Ioşia (; ) is an outlying quarter (or district) in Oradea, Romania. It is a mix of both high-rise housing blocks built in Communist times as well as low-density housing. The quarter is an exurban environment - that is, in between a rural area and a suburban environment. It is located in the city's far southwest, and, although there is good infrastructure in terms of education, shopping, and, to some extent, transportation, the quarter still has a significant number of unpaved roads and country-style houses. Ioşia is usually divided into three areas: Ioşia Nord, Calea Aradului and between those two, Old Ioşia.

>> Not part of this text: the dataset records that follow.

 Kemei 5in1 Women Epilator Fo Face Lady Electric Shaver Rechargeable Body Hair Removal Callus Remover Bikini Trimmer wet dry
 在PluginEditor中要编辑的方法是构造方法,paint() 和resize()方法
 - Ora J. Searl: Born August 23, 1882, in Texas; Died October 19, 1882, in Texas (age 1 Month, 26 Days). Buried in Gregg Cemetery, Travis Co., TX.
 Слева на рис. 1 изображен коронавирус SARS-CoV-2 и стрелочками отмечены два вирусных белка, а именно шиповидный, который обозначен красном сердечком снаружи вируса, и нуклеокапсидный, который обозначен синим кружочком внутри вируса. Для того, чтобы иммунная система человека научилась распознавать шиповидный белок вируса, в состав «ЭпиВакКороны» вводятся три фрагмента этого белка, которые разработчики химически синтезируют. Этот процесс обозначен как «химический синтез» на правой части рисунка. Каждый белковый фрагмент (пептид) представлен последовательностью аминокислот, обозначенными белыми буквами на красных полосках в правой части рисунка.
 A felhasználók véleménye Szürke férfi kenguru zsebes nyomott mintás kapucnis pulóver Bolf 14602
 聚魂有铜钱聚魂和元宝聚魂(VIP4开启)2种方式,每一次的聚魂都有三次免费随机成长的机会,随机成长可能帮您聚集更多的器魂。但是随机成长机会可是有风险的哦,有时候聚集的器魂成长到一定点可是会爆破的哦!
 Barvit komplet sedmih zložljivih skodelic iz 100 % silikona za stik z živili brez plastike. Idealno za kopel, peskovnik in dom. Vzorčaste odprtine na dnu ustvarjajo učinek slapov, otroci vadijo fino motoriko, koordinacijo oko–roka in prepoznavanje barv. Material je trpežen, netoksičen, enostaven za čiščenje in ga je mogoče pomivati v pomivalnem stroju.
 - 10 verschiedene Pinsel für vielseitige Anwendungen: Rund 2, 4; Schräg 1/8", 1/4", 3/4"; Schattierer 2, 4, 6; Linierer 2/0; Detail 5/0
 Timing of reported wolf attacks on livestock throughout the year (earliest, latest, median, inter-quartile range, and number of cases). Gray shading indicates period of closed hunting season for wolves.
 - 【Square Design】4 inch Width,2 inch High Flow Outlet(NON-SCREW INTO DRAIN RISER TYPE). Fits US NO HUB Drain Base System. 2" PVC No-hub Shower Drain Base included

Of the three areas of Ioşia, Ioşia Nord is the most developed, having 2 high schools, 1 kindergarten, 1 swimming pool, many supermarkets and a direct transportation line to the University of Oradea (being one of the two districts which have direct transportation to the University). It is also a beautiful place to take a walk, mainly because of the Crişul Repede river which separates Iosia Nord from the Rogerius district.

Calea Aradului, lying on the southern part of Oradea, is, as its name says, the way to Arad, another county in Romania. The Oradea Airport is located here, at the town exit.

Ioşia Veche (Old = Vechi in Romanian) is entirely composed of houses, being the only one of the three areas with some unpaved roads.

The quarter is one of the most beautiful in Oradea because it maintains a rustic, rural feel which still being relatively built-up and close to the city. For tourists, it provides insight into Romanian country life while still being in the city close to all the excellent facilities that Oradea is home to. In Oradea, there is a stereotype about people from Ioşia as being fairly uneducated in comparison to more inner-city urbanites, even though this is changing fast as real estate prices are increasing in the city centre and wealthy people are building large houses (villas) in Ioşia. This neighborhood, is used to belong to the actual Santandrei village, most of the elders living in the area of Ioşia are former Santandrei village residents.